Dix ans après le référendum sur le Brexit, le constat économique est désormais sans équivoque. La sortie de l’Union européenne a ralenti les échanges commerciaux du Royaume-Uni, réduit le potentiel de son économie et compliqué l’activité de nombreuses entreprises britanniques, désormais confrontées à un environnement commercial moins dynamique.

À l’occasion de ce dixième anniversaire, nous avons analysé les données officielles de l’Office for National Statistics (ONS) afin de suivre l’évolution des échanges commerciaux britanniques depuis la période précédant le vote sur le Brexit jusqu’à aujourd’hui. Les résultats sont sans appel : avant le référendum de 2016, le commerce extérieur du Royaume-Uni progressait de 3 % par an, de manière équilibrée entre les marchés européens et non européens. Depuis, cette croissance est tombée à 0,9 % par an. Les échanges avec l’Union européenne n’augmentent plus que de 0,5 % par an, contre 1,2 % pour le reste du monde.

Les données montrent également que le Brexit n’a pas permis la transformation du commerce international britannique annoncée par ses partisans. Le Royaume-Uni n’a ni remplacé l’Europe par des marchés mondiaux à plus forte croissance, ni significativement réduit sa dépendance au marché unique. Selon les données les plus récentes de juin 2026, la part de l’Union européenne dans le commerce extérieur britannique n’a reculé que de 1,8 point de pourcentage en dix ans, passant de 51,3 % avant le référendum à 49,5 %.

Le Royaume-Uni reste dépendant de l’Europe

Les médias soulignent souvent que le Royaume-Uni dispose de plus de 70 accords commerciaux en vigueur. Toutefois, la grande majorité d’entre eux correspond à la reconduction d’accords dont le pays bénéficiait déjà en tant qu’État membre de l’Union européenne. Quelques nouveaux accords ont bien été conclus, mais leur impact reste limité au regard du volume des échanges avec l’Europe, qu’ils ne représentent qu’à hauteur de 1,4 %.

Les exportations britanniques vers l’Union européenne ont globalement maintenu leur part, à 47,7 %, soit un niveau légèrement supérieur à celui de 2016. Les entreprises britanniques s’efforcent ainsi de préserver leur clientèle européenne. Le principal changement structurel concerne les importations : la part des importations en provenance de l’Union européenne a reculé de 3,6 points pour s’établir à 50,7 %. Afin de limiter les contraintes liées aux nouveaux contrôles aux frontières, de nombreuses entreprises britanniques ont diversifié leurs sources d’approvisionnement et se sont tournées vers des fournisseurs situés hors de l’Union européenne lorsque cela était possible.

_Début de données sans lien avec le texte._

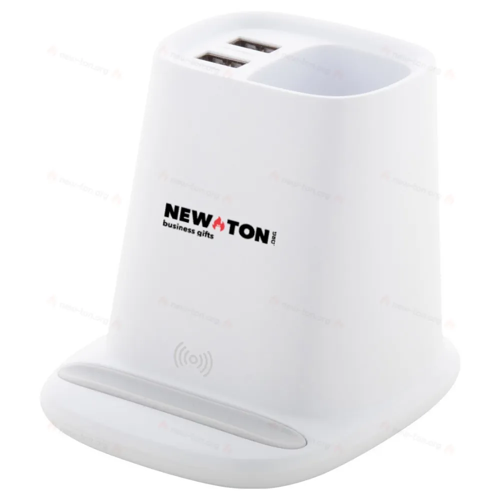 Многофункциональный настольный держатель для ручек из пластика с держателем для телефона, встроенным беспроводным быстрым зарядным устройством (10 Вт) и 2 портами USB-зарядного устройства (максимальная мощность 2000 мА). Включая USB-кабель для зарядного устройства.

L’Union européenne reste le premier partenaire commercial du Royaume-Uni. Sa part dans les échanges n’a reculé que de 1,8 point depuis le référendum sur le Brexit. Les exportations vers l’UE ont progressé de 0,4 %, tandis que les importations ont diminué de 3,6 points

Dana Bodnar

Les nouveaux accords commerciaux n’ont pas comblé le manque à gagner

Dix ans après le Brexit, il apparaît clairement que les nouveaux accords de libre-échange conclus par le Royaume-Uni n’ont pas eu d’impact significatif sur son activité économique. L’accord avec l’Australie ne représente que 0,8 % du commerce extérieur britannique, celui avec la Nouvelle-Zélande 0,2 %, tandis que l’adhésion au Partenariat transpacifique global et progressiste (CPTPP) n’a ouvert que des débouchés limités avec la Malaisie et le Brunei, qui totalisent ensemble 0,4 % des échanges.

Le Royaume-Uni a également signé des accords plus prometteurs avec l’Inde en juillet 2025 (1,7 % du commerce extérieur) et avec le Conseil de coopération du Golfe (CCG) en mai 2026 (2,7 %). Toutefois, ces accords ne sont pas encore entrés en vigueur et leurs effets restent à concrétiser.

Quand l’approvisionnement mondial atteint ses limites

Face à la faible dynamique du marché européen et aux retombées limitées des nouveaux accords commerciaux, de nombreuses entreprises britanniques se sont tournées vers les deux plus grandes économies mondiales : les États-Unis et la Chine. Cependant, depuis 2024, les échanges avec ces deux marchés ont nettement ralenti. Le volume des échanges avec les États-Unis est supérieur de 9 % à celui observé il y a dix ans, mais la dynamique post-pandémie s’est essoufflée sous l’effet des tensions commerciales et des droits de douane. Avant le Brexit, le commerce entre le Royaume-Uni et les États-Unis progressait de 10,7 % par an. Sur les dix dernières années, cette croissance est tombée à 1,5 %.

Les échanges avec la Chine ont suivi une trajectoire comparable : après une forte progression à la suite du référendum de 2016, ils ont marqué le pas au début des années 2020 avant de reculer nettement depuis 2024. Cette évolution s’explique principalement par le ralentissement de la demande intérieure chinoise et par la volonté des entreprises britanniques de réduire leur dépendance à l’égard des capacités de production chinoises. La croissance des échanges avec la Chine est ainsi passée de 11 % par an avant le Brexit à 3 % après celui-ci.

Après l’Union européenne, les États-Unis (11,6 %) et la Chine (8,8 %) sont les principaux partenaires commerciaux du Royaume-Uni. Pourtant, les échanges avec ces deux marchés ont ralenti ces dernières années, limitant les perspectives de croissance et de diversification commerciale

Dana Bodnar

Trois partenaires européens, trois trajectoires différentes

L’évolution des relations commerciales du Royaume-Uni avec les pays de l’Union européenne n’a pas été uniforme.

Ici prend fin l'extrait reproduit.